The Government delegate in Navarre, Alicia Echeverría, has visited one of the sessions of the Master Plan for Coexistence and Improvement of School Safety in Navarre that begins with the start of the new course. This is the workshop “Hate in Networks”, an action on misogynistic messages and toxic masculinity in social networks given by the head of the Coordination Unit against Violence on Women, Estrella Lamadrid, at CIP Huarte. Both have been accompanied by the director of the High Inspection of Education in Navarre, María Yolanda Salinas, and by the director of the center, Esther Fernández.
Echeverría has highlighted the high participation in the Master Plan that, during the past year, reached more than 76,000 schoolchildren throughout Navarre, 12 percent more than in the previous year. “This data shows the growing interest in the activities offered and, of course, the commitment and trust that schools have placed in this program,” said the Government delegate.
In this new edition of the Master Plan for Coexistence and Improvement of School Safety in Navarre, several lines of action are proposed: school harassment, youth gangs, gender violence, use of the internet and new technologies, filio-parental violence and abuse in the family environment towards childhood and adolescence, trafficking and exploitation of human beings, prevention of sexual crimes, speech and hate crime, road safety, and drugs and alcohol.

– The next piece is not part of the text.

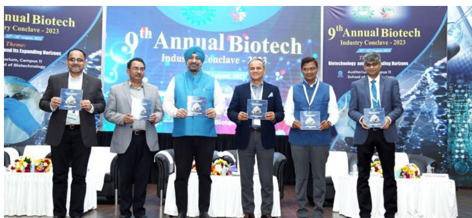
Fig: 9th Biotech Conclave on Sustainability & Innovation

The Plan, coordinated by the Directorate of the High Inspection of Education in Navarre, is aimed at schoolchildren, teachers and APYMAS, and includes actions of the Ministry of the Interior, the Department of Education, the National Police, the Foral Police, the Municipal Police of Pamplona, the Civil Guard, the Institute of Public and Labour Health and the Unit for Coordination against Violence against Women.
Since the High Inspection of Education, this plan has been sent to all schools in the Foral Community, accompanied by a letter from the Government delegate inviting them to participate in the actions offered, including school competitions, talks for teachers and students and training activities. The Plan is also available on the web pages of the Government Delegation and the Department of Education.
The objectives include bringing public security services closer to the educational community, providing technical assistance to prevent and address conflicts of coexistence, and helping to improve all types of security problems that affect young people.
About the Master Plan
The Master Plan for the Coexistence and Improvement of School Safety originated in 2006, when the Ministries of Interior and Education and Science signed the 'Framework Agreement on Education for the Improvement of Safety'.
Last year, the training actions were carried out mainly in the format of talks and conferences, in addition to including the program “Education, Lifestyles and Healthy Environments”, implemented in 33 schools, and participation in the “Network of Health Promoting Schools”.
Among the most outstanding actions, they highlighted the prevention of ludopathies, road education, risk prevention on the internet, addiction to screens and violence in the digital environment.
Afftive-sexual education was also widely demanded by the centers, with the aim of promoting the construction of healthy relationships and identifying micromachisms. Among these activities, the most requested workshops were “That is not love”, aimed at schoolchildren, and “Your children see porn”, aimed at APYMAS, which addresses the effects of early exposure to online pornography.
A total of 28,311 guides and brochures on addiction prevention were published and distributed. Of this total, 1,861 materials focused on alcohol prevention, 5,822 on tobacco use prevention, 2,246 addressed drug prevention, 1,590 focused on play and screen use, and 405 addressed sexual health issues.